Traces of Nithya can be found in Bhavana’s act as Janaki in 99, the Kannada remake of the Tamil hit 96. At their class reunion, a married Janaki encounters her first love Ram after two decades. She searches his face for answers, but Ram is cautious, aware of his boundaries. Unlike Nithya, Janaki seems “settled” in her marriage. She has accepted the reality that she will ever be able to let go of Ram.
Bhavana debuted in Kamal’s Nammal (2002) as the spunky girl-next-door who nurses a crush on one of the (two) male protagonists — reclusive Shivan. Her performance was by no means groundbreaking, but it did indicate the kinds of roles she could pull off with ease.

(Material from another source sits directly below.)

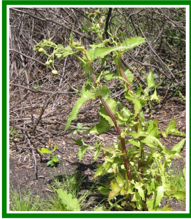
MILK (SOW) THISTLE

The period during which Bhavana made her debut was hardly Malayalam cinema’s most promising, so even though her output was prolific (and included functional turns in hits like CID, Moosa and Chathikkatha Chanthu), the really noteworthy projects came by only sporadically.
In Chronic Bachelor, Bhavana played the role of Mammootty’s step-sister with confidence. Swapnakoodu’s chatty Padma was a breeze for her to portray. But in Jayaraj’s Daivanamathil, a different Bhavana emerged. She played Sameera, the wife of a radicalised Muslim, with surprising maturity. Sameera is desperate to reform her husband, fighting with her family and the system to bring him back. Bhavana’s portrayal was equally substantial in Madhupal’s Ozhimuri, as the lawyer Balamani. Balamani was raised in a household where the grandmother declares that “a cow and a woman who has gone dry should be sent to the butcher”; Balamani’s own description of the women in her family is scathing: “To make babies is their main hobby and being married is considered a full-time job”. It is perhaps this mindset that makes her initially talk down to a client’s wife who has filed for divorce. Balamani is judgemental, independent, gentle — and willing to correct herself. And Bhavana does it all in an unfussy way.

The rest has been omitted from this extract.